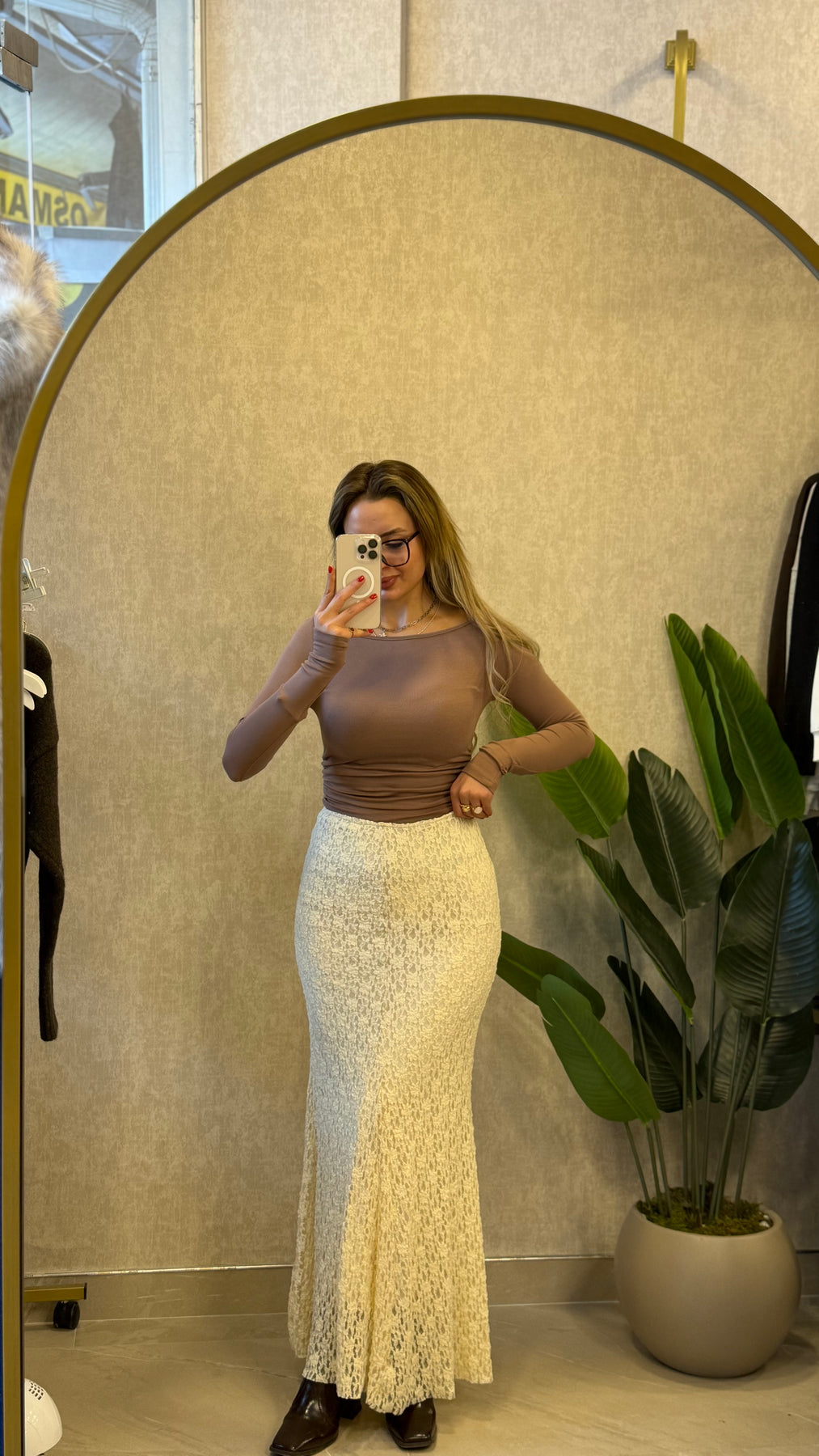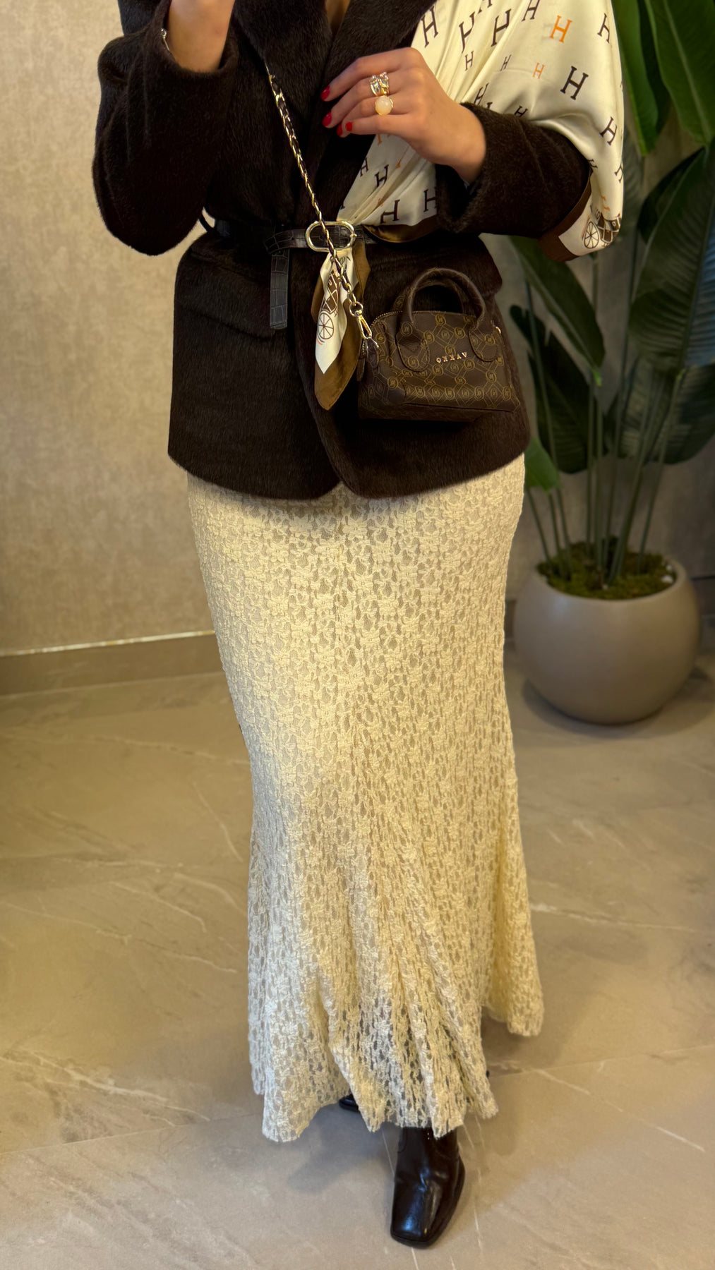 Dantel dokulu yapısı ve yüksek bel kesimiyle vücuda zarif bir form verir. İç göstermeyen, hafif esnek kumaşı sayesinde gün boyu konforlu bir kullanım sunar. Günlük kombinlerden akşam şıklığına kolayca uyum sağlar.
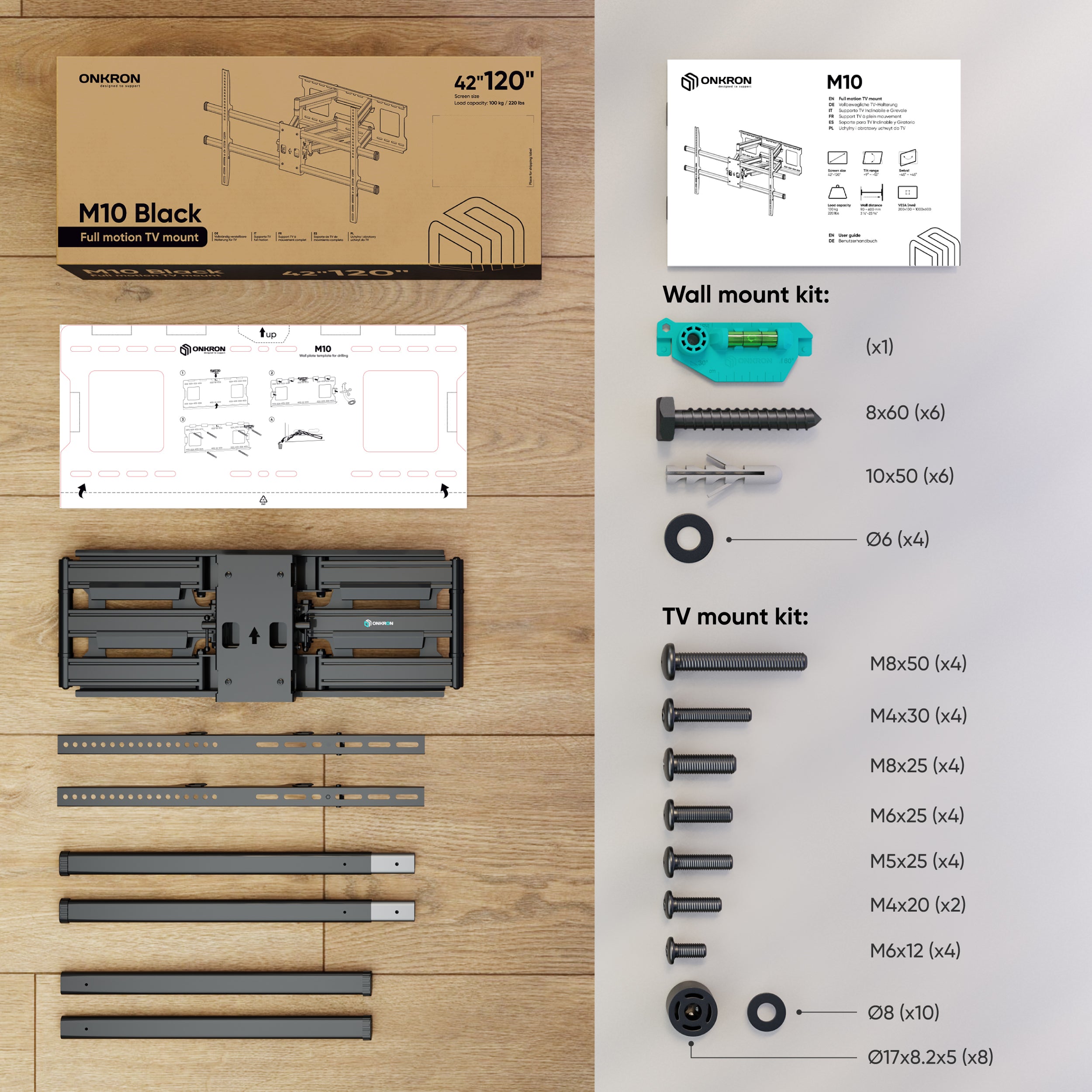 Full-Motion TV Wall Mount for 42"-120" max 100 kg, Black M10 is backordered and will ship as soon as it is back in stock.
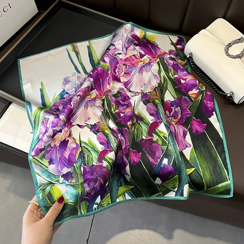 Foulard carré en soie véritable pour femmes, imprimé Floral, châle de luxe, Hijab, bandeau Bandana, 2024 100%Foulard carré en soie véritable pour femmes, imprimé Floral, châle de luxe, Hijab, bandeau Bandana, 2024 100%
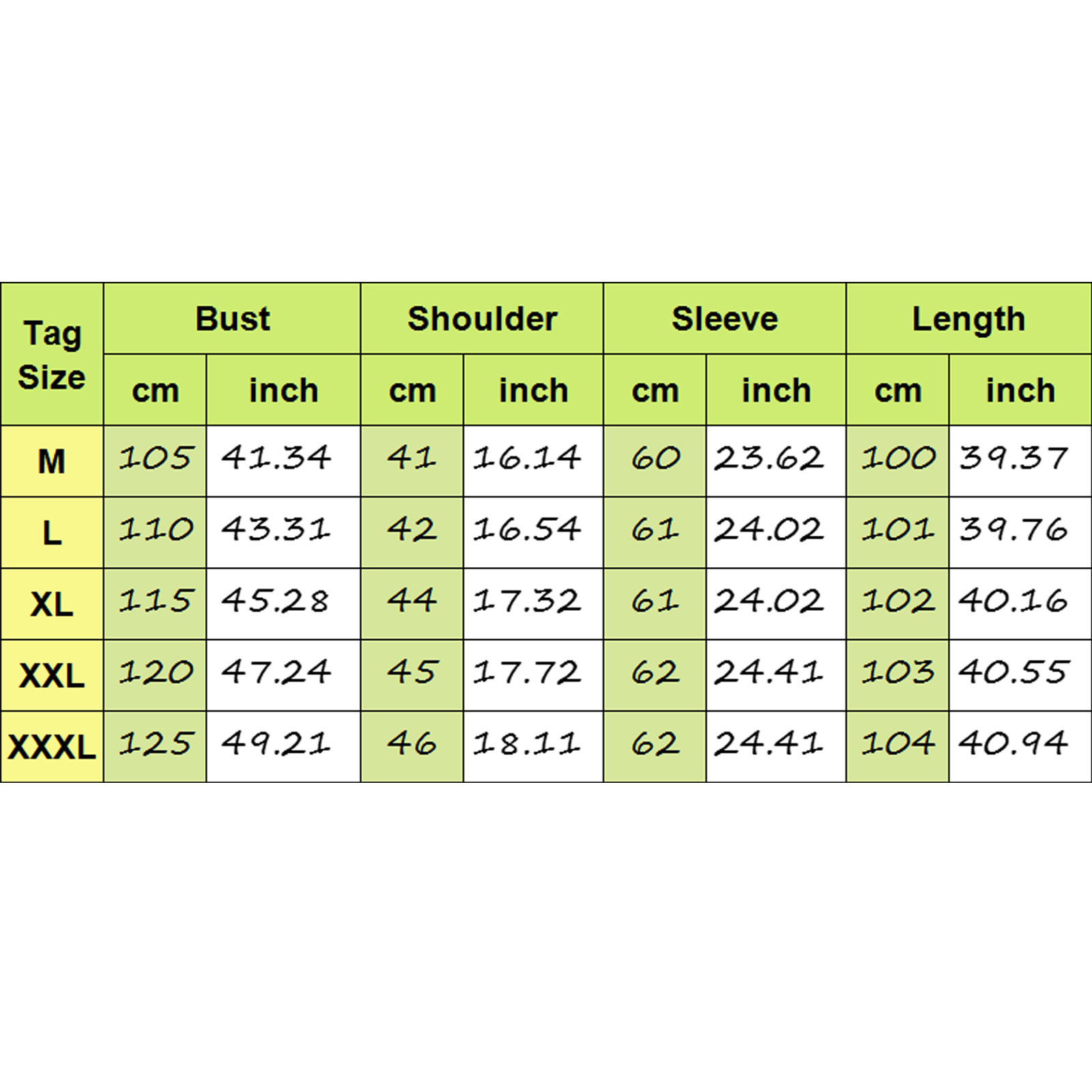 | Size:XXXL | Bust:125cm/49.21” | Shoulder:46cm/18.11” | Sleeve:62cm/24.41” | Length:104cm/40.94” |
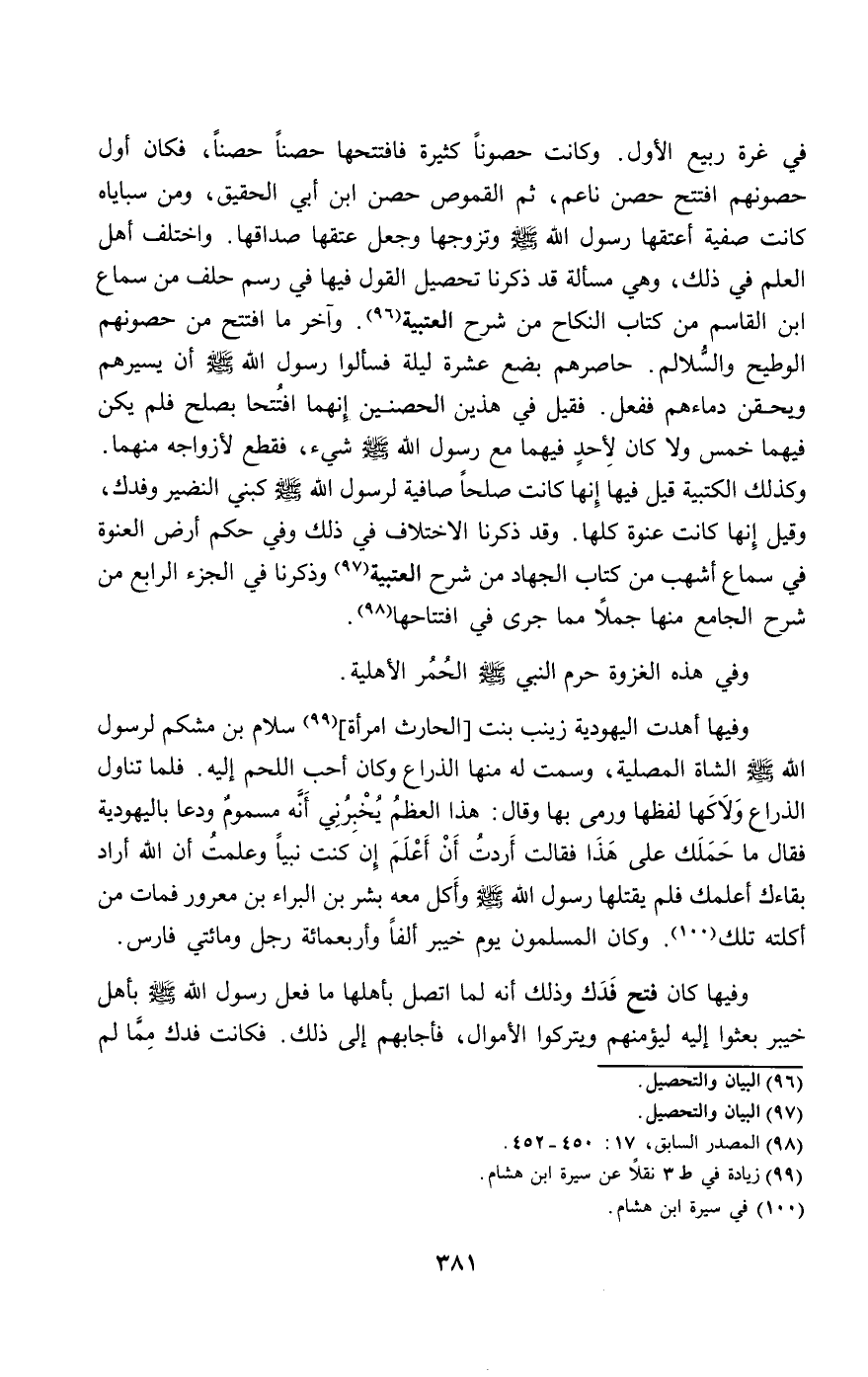في غرة ربيع الأول. وكانت حصونا كثيرة فافتتحها حصنا حصنا، فكان أول حصونهم افتتح حصن ناعم، ثم القموص حصن ابن أبي الحقيق، ومن سباياه كانت «صفية أعتقها رسول الله - صَلَّى اللَّهُ عَلَيْهِ وَسَلَّمَ - وتزوجها وجعل عتقها صداقها». واختلف أهل العلم في ذلك، وهي مسألة قد ذكرنا تحصيل القول فيها في رسم حلف من سماع ابن القاسم من كتاب النكاح من شرح العتبية. وآخر ما افتتح من حصونهم الوطيح والسلالم. حاصرهم بضع عشرة ليلة فسألوا رسول الله - صَلَّى اللَّهُ عَلَيْهِ وَسَلَّمَ - أن يسيرهم ويحقن دمائهم ففعل. فقيل في هذين الحصنين إنهما افتتحا بصلح فلم يكن فيهما خمس ولا كان لأحد فيهما مع رسول الله - صَلَّى اللَّهُ عَلَيْهِ وَسَلَّمَ - شيء، فقطع لأزواجه منهما. وكذلك الكتبية قيل فيها إنها كانت صلحا صافية لرسول الله - صَلَّى اللَّهُ عَلَيْهِ وَسَلَّمَ - كبني النضير وفدك، وقيل إنها كانت عنوة كلها. وقد ذكرنا الاختلاف في ذلك وفي حكم أرض العنوة في سماع أشهب من كتاب الجهاد من شرح العتبية وذكرنا في الجزء الرابع من شرح الجامع منها جملا مما جرى في افتتاحها.

* [DESCRIPTION OF THE TASK]:
Set down the whole listing word for word, omitting the pictures.

* [TASK RESPONSE]:
 Dantel dokulu yapısı ve yüksek bel kesimiyle vücuda zarif bir form verir. İç göstermeyen, hafif esnek kumaşı sayesinde gün boyu konforlu bir kullanım sunar. Günlük kombinlerden akşam şıklığına kolayca uyum sağlar.
 Full-Motion TV Wall Mount for 42"-120" max 100 kg, Black M10 is backordered and will ship as soon as it is back in stock.
 Foulard carré en soie véritable pour femmes, imprimé Floral, châle de luxe, Hijab, bandeau Bandana, 2024 100%Foulard carré en soie véritable pour femmes, imprimé Floral, châle de luxe, Hijab, bandeau Bandana, 2024 100%
 | Size:XXXL | Bust:125cm/49.21” | Shoulder:46cm/18.11” | Sleeve:62cm/24.41” | Length:104cm/40.94” |
في غرة ربيع الأول. وكانت حصونا كثيرة فافتتحها حصنا حصنا، فكان أول حصونهم افتتح حصن ناعم، ثم القموص حصن ابن أبي الحقيق، ومن سباياه كانت «صفية أعتقها رسول الله - صَلَّى اللَّهُ عَلَيْهِ وَسَلَّمَ - وتزوجها وجعل عتقها صداقها». واختلف أهل العلم في ذلك، وهي مسألة قد ذكرنا تحصيل القول فيها في رسم حلف من سماع ابن القاسم من كتاب النكاح من شرح العتبية. وآخر ما افتتح من حصونهم الوطيح والسلالم. حاصرهم بضع عشرة ليلة فسألوا رسول الله - صَلَّى اللَّهُ عَلَيْهِ وَسَلَّمَ - أن يسيرهم ويحقن دمائهم ففعل. فقيل في هذين الحصنين إنهما افتتحا بصلح فلم يكن فيهما خمس ولا كان لأحد فيهما مع رسول الله - صَلَّى اللَّهُ عَلَيْهِ وَسَلَّمَ - شيء، فقطع لأزواجه منهما. وكذلك الكتبية قيل فيها إنها كانت صلحا صافية لرسول الله - صَلَّى اللَّهُ عَلَيْهِ وَسَلَّمَ - كبني النضير وفدك، وقيل إنها كانت عنوة كلها. وقد ذكرنا الاختلاف في ذلك وفي حكم أرض العنوة في سماع أشهب من كتاب الجهاد من شرح العتبية وذكرنا في الجزء الرابع من شرح الجامع منها جملا مما جرى في افتتاحها.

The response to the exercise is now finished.